Like Tell-Tales, this site will contain an eclectic mix to do with things nautical, or nearly so, in the Mediterranean. For sailing outside the Mediterranean go to TELL-TALES.
There will inevitably be some duplicaton between the two sites with pages that are relevant to sailing within and without the Mediterranean on both sites. These will all have the same page name so don't worry too much.
THIS SITE IS UNDER CONSTRUCTION AND NEW PAGES AND ADDITIONAL INFO TO EXISTING PAGES WILL BE ADDED WHEN AND WHERE I CAN ...
Mediterraneo is the Italian for this wonderful enclosed sea and is where we get the present day name from.
This web site will record, though not in any structured way, travelling with Skylax in the Mediterranean. Some of you may be familiar with some of the sailing guides I've written for the Mediterranean and other parts of the world and a lot of you will not. This site is not intended to plug those books although I may put up some of the supplements that we do for them and inevitably I will mention things about them. It's what I do. It's what I've done for over 30 years.

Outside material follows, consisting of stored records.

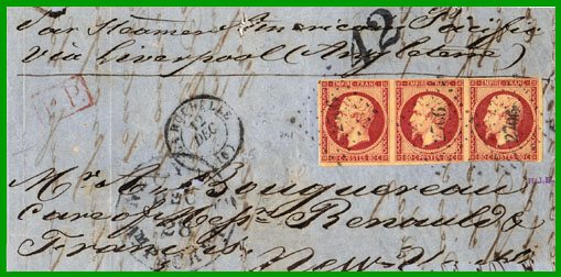 juillet 1851 LETTRE 2ème ÉCHELON (de 1/2 à 1 oz) Affranchissement à 2,40 F + Taxe 42 cents Cette lettre, postée à La Rochelle le 12 décembre 1855, a embarqué à Liverpool sur le paquebot américain "Pacific" de la "Collins Line". Elle est arrivée le 28 décembre 1855 à New-York (cachet "NEW. YORK. AM PACKET"), où le tampon taxe 42 (cents) a été apposé par la poste américaine. |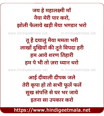 Lyrics of Jai He Mahalaxmi Maa - जय हे महालक्ष्मी माँ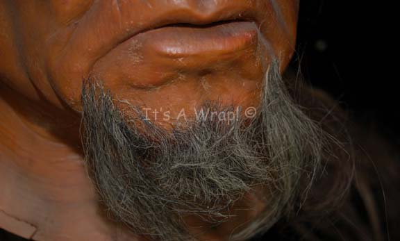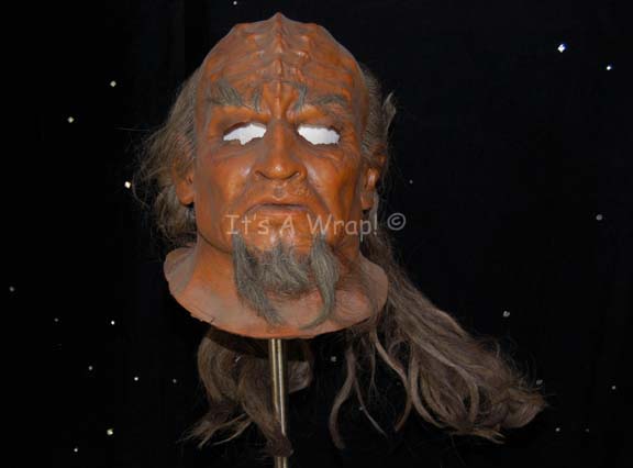Description: This incredible full head Klingon mask was used in Star Trek VI: Undiscovered Country, during a courtroom scene that involved around 200 Klingons. In order to dress that many actors in Klingon makeup, the background actors in the upper balconies wore these full faced masks to make the process quicker than actually attaching individual prosthetics to their faces. This latex head has been completely painted and airbrushed with hair attached behind the forehead ridges. Facial hair has been added for eyebrows and a two part beard. Under the hair at the back of the head is a concealed Velcro strip to allow the wearer to take the mask on and off more easily.
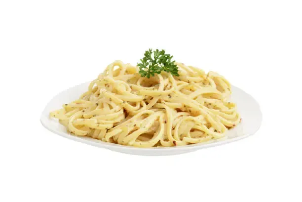 Creamy white sauce pasta made with butter, cheese, and heavy cream. Often served with grilled chicken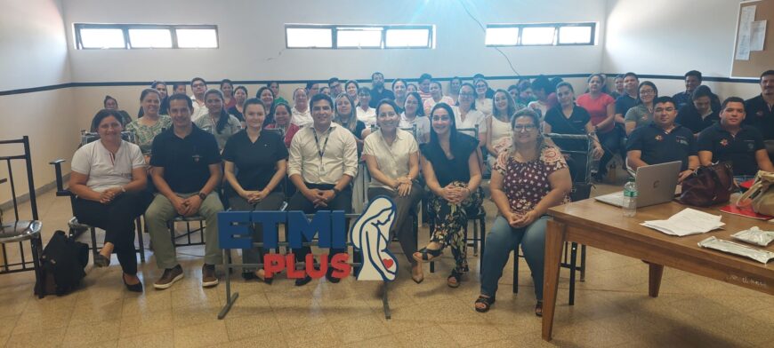 Se brindó, además, una capacitación sobre la estrategia ETMI Plus. En este contexto fueron capacitados 92 funcionarios de salud referentes de los diversos servicios que conforman la zona norte de San Pedro, con el objetivo de que puedan replicar la estrategia ETMI Plus y garantizar la implementación del Plan de Descentralización de la Atención, Diagnóstico Precoz y Tratamiento Oportuno de VIH en sus respectivos establecimientos de salud. Entre ellos figura: el Hospital General de Santa Rosa, Hospital Regional de San Pedro, Centro de Salud Doroteo Colman Navarro de Liberación, Centro de Salud Nueva Germania, Centro de Salud de Chore y Unidad de Salud Familiar de General F.I. Resquín. Acompañaron esta capacitación por parte del PRONASIDA: la Dra Celeste Ramírez, encargada de la estrategia ETMI Plus; y las licenciadas Deysi Jara y Cristina Panigali.

It is intended to be a lot looser with descriptions of some of the places we sail, on the joys and sheer graft of fixing and maintaining the good ship Skylax, of things on the fringes of the nautical mainstream, on the bizarre addiction to sailing that many of us have that is detrimental to the wallet and often uncomfortable and scary. Try explaining it to those who dwell on the hard bits they call land and you end up muttering some inanity about freedom and romance and self-sufficiency until you see the eyes glaze over and you can't stand to answer questions like 'What do you do all the time' ...anymore. But I'll try. Especially the romance and the addiction to life under sail.

Before Lu and I got married I had to tell her that I would always spend more money on a mistress than a wife. The mistress at that time was a previous boat, seven tenths, a Cheoy Lee Pedrick 36. ‘Likewise’, she replied, ‘just as I will always spend money on my lover’. So it was a match made in heaven and the two of us have always put the boat first.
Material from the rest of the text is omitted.